Online Degree, Online Courses and Distance Learning in Venezuela

About Online Degree, Online Courses and Distance Learning in Venezuela

Venezuela, known in official circles as the Bolivarian Republic of Venezuela, is a tropical country situated on the northern coast of South America, with a total geographic area of just under 354,000 square miles.  The large country shares borders with Colombia to the west, Brazil to the south, and Guyana to the east and its 1,700 mile coastline is formed by the Atlantic Ocean in the northeast, as well as numerous islands in the Caribbean Sea.  Because Venezuela is located near the Caribbean islands of Trinidad and Tobago, Grenada, Curacao, Bonaire and Aruba, the country shares many cultural traits of the Caribbean islands, and its geography, which ranges from coastal plains to Amazon rainforests, is one of the most diverse in the world.  Venezuela has an estimated population of 29.1 million, a racially diverse population with a fairly even distribution of mestizos (a mix of European and native Amerindian ancestry) (33%), whites (mostly Europeans) (32%) and mulattos (a combination of black and white racial backgrounds) (21%).  Spanish is the national language of Venezuela and is used for all official purposes, including government, commerce, media and legal dealings.  It is also the most widely spoken language in the country and used as the language of instruction in Venezuelan schools and universities.  The capital and largest city in Venezuela is Caracas.

Distance Education

Distance education, at least by today’s definition, is an educational delivery method in which most or all of a university course or degree program is conducted online.   Instructors send assignments to students via email, allowing the student to work at his or her own pace when it’s most convenient for them.  Assignments are then returned to the instructor for evaluation and feedback.  Communication between students and teachers is also conducted electronically, using email, instant messaging, video conferencing and more, and while some of these programs may require minimal attendance, usually for exams or lab work among other events, in some cases the entire course is delivered via an online format.
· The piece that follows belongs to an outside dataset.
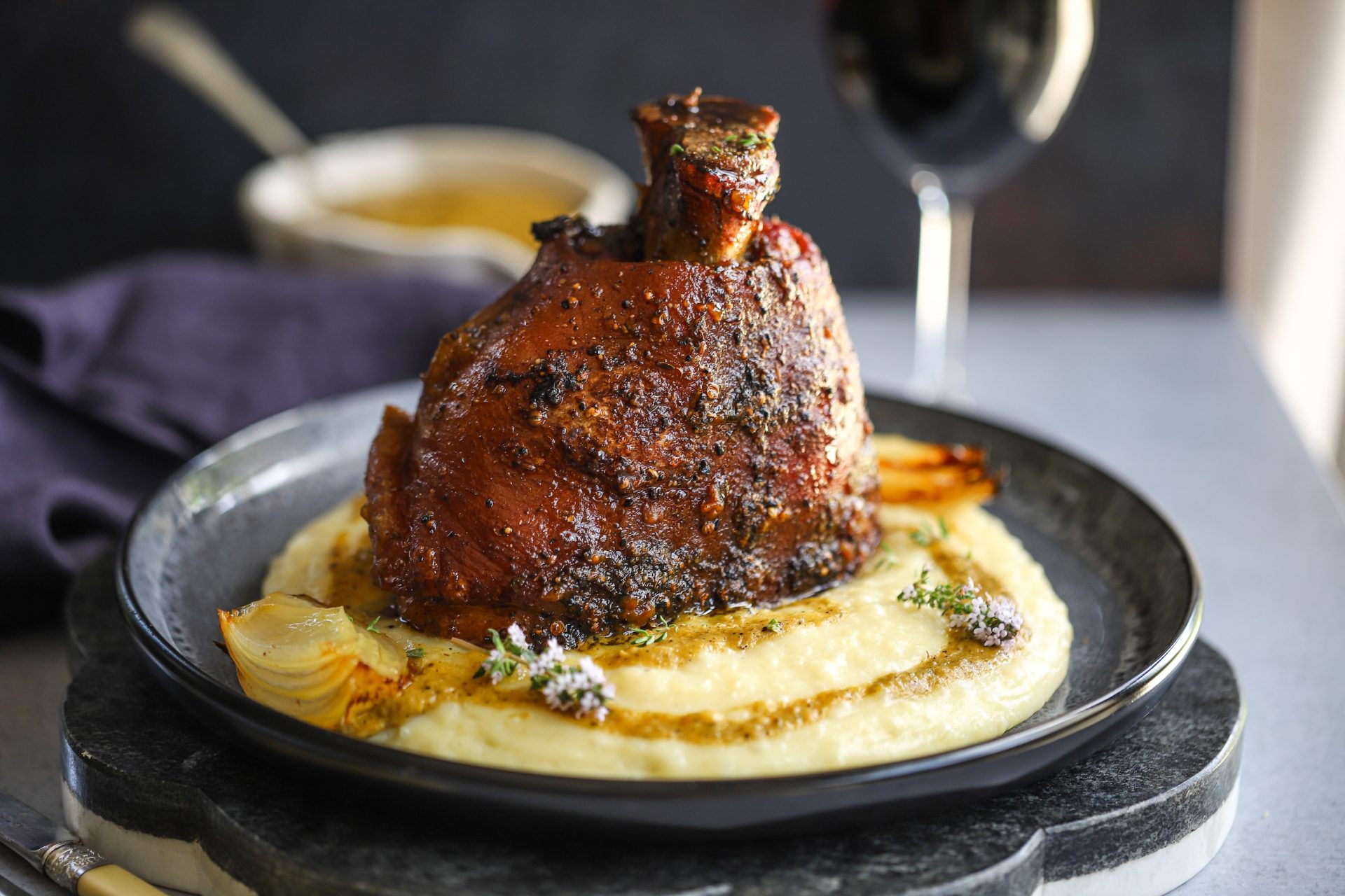 Slow-braised pork shank with creamy mash

Distance education in Venezuela, much like all higher education in the country, is under the supervision and regulation of the Venezuelan Ministry of Education.  The higher education system consists of universities and technical schools at both the public and private level, and according to the 1999 Venezuelan Constitution, public higher education, including distance education, is free at the undergraduate level for all students who meet the eligibility requirements.  In recent years, distance education, which is now offered by most of the country’s universities and technical schools, has become more widespread and has led to a significant boost in enrollment.

There are over 90 institutions of higher learning in Venezuela, and by the year 2000 there were approximately 700,000 students enrolled.  Of those, over 70 percent came from the wealthiest one-fifth of the population—an alarming statistic that forced the government to act.  Since most of the institutions of higher learning are located in the country’s urban areas, students from the poorer rural areas of the country had very limited access to the higher education system.  To address this disparity in educational access, in 2003 the government established the Bolivarian University system, a program designed to democratize access to higher education by offering distance learning programs to the public with minimal entrance requirements.  This program continues to gain in popularity o this day, allowing students who were once limited by poverty and distance to take advantage of the cost-free educational opportunities offered at the countries universities and technical schools. By 2004, enrollments in Venezuela universities and technical schools rose to 900,000, an increase the government attributes to the addition and expansion of distance learning.

The distance education programs in the country’s technical schools typically span two years, upon completion of which students are awarded the title of Técnico Superior Universitario, which translates to University Higher Technician.  Three-year online programs are also available in some of the more advanced fields, with students who complete the program being awarded a Licenciado, or license.  Online education at the country’s universities typically spans five years, with successful students being awarded the title of Ingeniero (Engineer) upon graduation.  Some higher education institutions may also award Diplomados (Diplomas), but the time required to earn one varies widely depending on the school and the field of study.
A select number of universities also offer distance education at the graduate and post-graduate level—education that follows the conventions of the United States, with Master’s and Doctorate degree programs that typically span 2-3 years and 3-5 years respectively.

The adult literacy rate in Venezuela is 92 percent, a reflection of the country’s excellent system of education at all levels.